Per la regia di Lorenzo Amato una particolare Traviata sarà allestita dal Teatro di San Carlo. Diretta da Daniel Oren, andrà in scena da martedì 27 febbraio a domenica 4 marzo. Una Traviata particolare per diversi aspetti: oltre all’originalità della chiave di lettura del regista, la messa in scena richiama la più alta tradizione pittorica dell’Ottocento. Le scene di Ezio Frigerio sono interamente dipinte a mano e realizzate dai Laboratori artistici del Teatro San Carlo. “Abbiamo voluto riprodurre uno spettacolo senza artifici avveniristici, senza proiezioni, scegliendo una scenografia dove tutto è affidato alle mani leggere ed eleganti di alcuni artisti – spiega Frigerio – La modernità sta solo nel semplice marchingegno della pioggia. Vera, di vera acqua che costantemente cade dovunque velando di malinconia l’atmosfera e segnando col suo fluire lento il trascorrere di questo dramma”.
Il cast vedrà alternarsi nel ruolo di Violetta Valéry, Maria Mudryak e Francesca Dotto, recentemente sul palcoscenico dell’Opera di Roma per La traviata firmata da Sofia Coppola. Alfredo Germont sarà interpretato da Vincenzo Costanzo e Leonardo Cortellazzi e Vladimir Stoyanov nei panni Giorgio Germont, in alternanza con Fabian Veloz mentre Giuseppina Bridelli sarà Flora. Giuseppe Picone, direttore del Corpo di Ballo del San Carlo, danzerà sulle coreografie di Giancarlo Stiscia.

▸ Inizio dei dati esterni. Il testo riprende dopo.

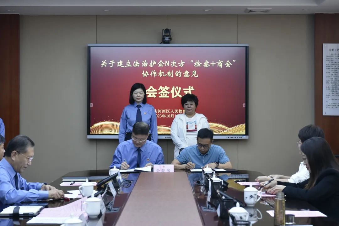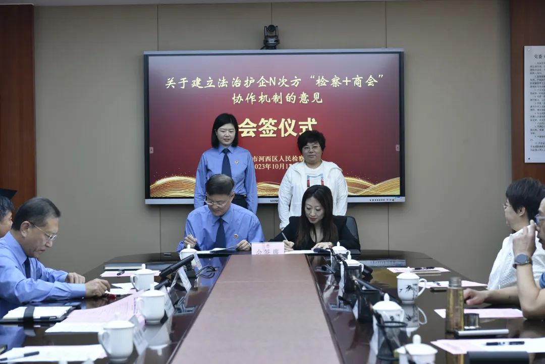 随后,河西区检察院与市文化传媒商会、市新媒体协会和市河北衡水商会分别签署了《关于建立法治护企N次方‘检察+商会’协作机制的意见》。《意见》从优化营商环境、企业家权益保护、企业合规、防范化解金融风险、知识产权保护、公益诉讼等方面,就协同保障民营经济发展提出具体举措,引领企业提升法治化经营和风险防范能力,保障企业依法经营、健康发展。

La regia di Amato è totalmente incentrata sull’irreparabile fuga del tempo e sulla sofferenza, fisica e morale di Violetta: “Concepire e mettere in scena La Traviata non è stato un lavoro preparato a tavolino con lucida razionalità, piuttosto una riflessione sulla malattia, il tempo che scorre via inesorabile, l’amore, la violenza delle convenzioni sociali, l’ipocrisia, il sacrificio e infine la morte. – commenta il regista – Al centro dello spazio scenico, su un fondale trasparente come un vetro, la pioggia scorre implacabilmente per l’intera durata dello spettacolo, filtrando la visione delle grandi tele pittoriche che descrivono gli ambienti. Un elemento che potrebbe essere visto come semplice metafora di una Parigi grigia, fredda e piovosa, ma che per me rappresenta molto di più: straniamento, allusione, stato d’animo, dolore, fino a quell’offuscamento della vista che le malattie particolarmente debilitanti provocano in ciascuno di noi”.